■ **TASK ITEM**:
Leaving out the pictures, reproduce each record exactly and in full.

[Collected data]

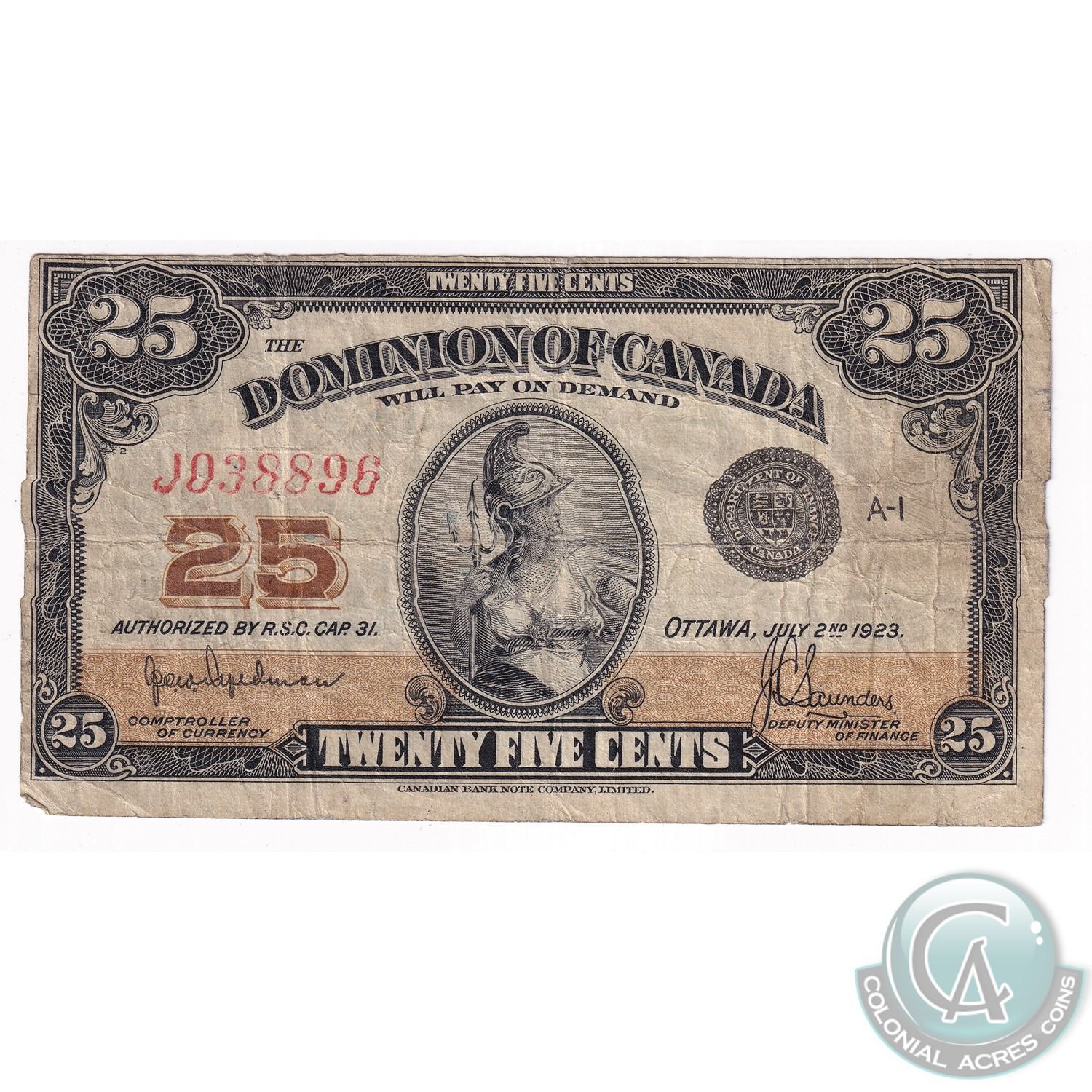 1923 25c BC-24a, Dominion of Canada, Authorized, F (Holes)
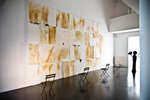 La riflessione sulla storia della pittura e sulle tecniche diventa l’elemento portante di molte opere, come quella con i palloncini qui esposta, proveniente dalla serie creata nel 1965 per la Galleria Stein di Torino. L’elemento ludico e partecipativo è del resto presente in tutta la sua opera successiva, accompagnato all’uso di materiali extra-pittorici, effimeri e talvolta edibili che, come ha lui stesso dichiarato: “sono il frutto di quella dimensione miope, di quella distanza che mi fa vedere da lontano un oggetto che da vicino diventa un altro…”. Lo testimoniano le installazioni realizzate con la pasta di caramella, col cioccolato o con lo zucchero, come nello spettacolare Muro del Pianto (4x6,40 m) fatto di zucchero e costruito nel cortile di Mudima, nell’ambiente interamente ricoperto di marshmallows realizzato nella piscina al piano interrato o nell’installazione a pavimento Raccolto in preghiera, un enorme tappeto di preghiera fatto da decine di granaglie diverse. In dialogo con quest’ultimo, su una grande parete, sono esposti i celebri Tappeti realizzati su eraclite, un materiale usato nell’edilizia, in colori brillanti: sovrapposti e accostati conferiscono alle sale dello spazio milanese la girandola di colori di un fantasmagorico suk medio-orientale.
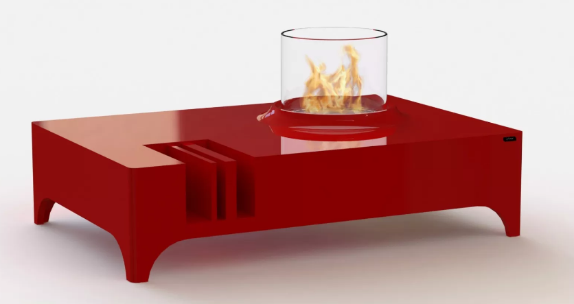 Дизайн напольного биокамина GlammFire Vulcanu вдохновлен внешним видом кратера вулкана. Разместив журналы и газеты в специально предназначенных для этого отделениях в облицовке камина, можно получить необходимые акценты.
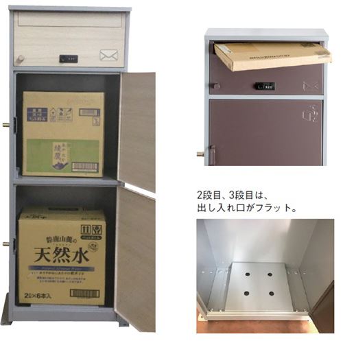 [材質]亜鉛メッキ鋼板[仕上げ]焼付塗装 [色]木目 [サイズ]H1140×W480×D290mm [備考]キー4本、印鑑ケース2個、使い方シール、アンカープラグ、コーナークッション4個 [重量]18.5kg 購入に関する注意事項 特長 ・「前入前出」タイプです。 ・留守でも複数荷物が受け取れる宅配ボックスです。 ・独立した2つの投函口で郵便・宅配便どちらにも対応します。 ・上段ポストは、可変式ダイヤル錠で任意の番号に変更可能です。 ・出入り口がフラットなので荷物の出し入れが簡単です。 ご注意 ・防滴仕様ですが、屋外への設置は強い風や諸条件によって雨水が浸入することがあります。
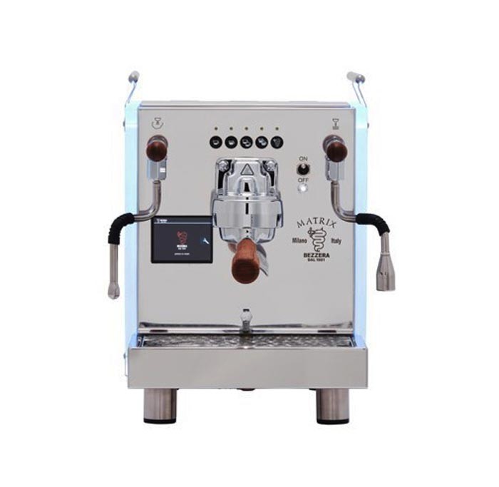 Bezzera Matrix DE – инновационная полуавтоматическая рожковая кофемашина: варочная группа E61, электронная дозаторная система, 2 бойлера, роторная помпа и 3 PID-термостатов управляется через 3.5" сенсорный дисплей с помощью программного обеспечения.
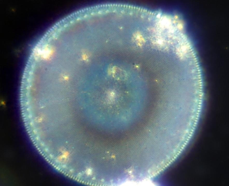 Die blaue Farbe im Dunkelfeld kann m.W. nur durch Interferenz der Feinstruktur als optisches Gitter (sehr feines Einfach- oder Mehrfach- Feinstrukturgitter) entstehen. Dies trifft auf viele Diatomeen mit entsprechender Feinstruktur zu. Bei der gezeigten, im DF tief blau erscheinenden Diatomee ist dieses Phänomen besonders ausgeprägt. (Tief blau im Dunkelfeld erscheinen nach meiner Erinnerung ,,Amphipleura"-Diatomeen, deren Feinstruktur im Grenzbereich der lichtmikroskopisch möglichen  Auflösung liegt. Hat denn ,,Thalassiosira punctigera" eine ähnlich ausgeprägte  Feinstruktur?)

■ **EXPECTED ANSWER**:
 1923 25c BC-24a, Dominion of Canada, Authorized, F (Holes)
 La riflessione sulla storia della pittura e sulle tecniche diventa l’elemento portante di molte opere, come quella con i palloncini qui esposta, proveniente dalla serie creata nel 1965 per la Galleria Stein di Torino. L’elemento ludico e partecipativo è del resto presente in tutta la sua opera successiva, accompagnato all’uso di materiali extra-pittorici, effimeri e talvolta edibili che, come ha lui stesso dichiarato: “sono il frutto di quella dimensione miope, di quella distanza che mi fa vedere da lontano un oggetto che da vicino diventa un altro…”. Lo testimoniano le installazioni realizzate con la pasta di caramella, col cioccolato o con lo zucchero, come nello spettacolare Muro del Pianto (4x6,40 m) fatto di zucchero e costruito nel cortile di Mudima, nell’ambiente interamente ricoperto di marshmallows realizzato nella piscina al piano interrato o nell’installazione a pavimento Raccolto in preghiera, un enorme tappeto di preghiera fatto da decine di granaglie diverse. In dialogo con quest’ultimo, su una grande parete, sono esposti i celebri Tappeti realizzati su eraclite, un materiale usato nell’edilizia, in colori brillanti: sovrapposti e accostati conferiscono alle sale dello spazio milanese la girandola di colori di un fantasmagorico suk medio-orientale.
 Дизайн напольного биокамина GlammFire Vulcanu вдохновлен внешним видом кратера вулкана. Разместив журналы и газеты в специально предназначенных для этого отделениях в облицовке камина, можно получить необходимые акценты.
 [材質]亜鉛メッキ鋼板[仕上げ]焼付塗装 [色]木目 [サイズ]H1140×W480×D290mm [備考]キー4本、印鑑ケース2個、使い方シール、アンカープラグ、コーナークッション4個 [重量]18.5kg 購入に関する注意事項 特長 ・「前入前出」タイプです。 ・留守でも複数荷物が受け取れる宅配ボックスです。 ・独立した2つの投函口で郵便・宅配便どちらにも対応します。 ・上段ポストは、可変式ダイヤル錠で任意の番号に変更可能です。 ・出入り口がフラットなので荷物の出し入れが簡単です。 ご注意 ・防滴仕様ですが、屋外への設置は強い風や諸条件によって雨水が浸入することがあります。
 Bezzera Matrix DE – инновационная полуавтоматическая рожковая кофемашина: варочная группа E61, электронная дозаторная система, 2 бойлера, роторная помпа и 3 PID-термостатов управляется через 3.5" сенсорный дисплей с помощью программного обеспечения.
 Die blaue Farbe im Dunkelfeld kann m.W. nur durch Interferenz der Feinstruktur als optisches Gitter (sehr feines Einfach- oder Mehrfach- Feinstrukturgitter) entstehen. Dies trifft auf viele Diatomeen mit entsprechender Feinstruktur zu. Bei der gezeigten, im DF tief blau erscheinenden Diatomee ist dieses Phänomen besonders ausgeprägt. (Tief blau im Dunkelfeld erscheinen nach meiner Erinnerung ,,Amphipleura"-Diatomeen, deren Feinstruktur im Grenzbereich der lichtmikroskopisch möglichen  Auflösung liegt. Hat denn ,,Thalassiosira punctigera" eine ähnlich ausgeprägte  Feinstruktur?)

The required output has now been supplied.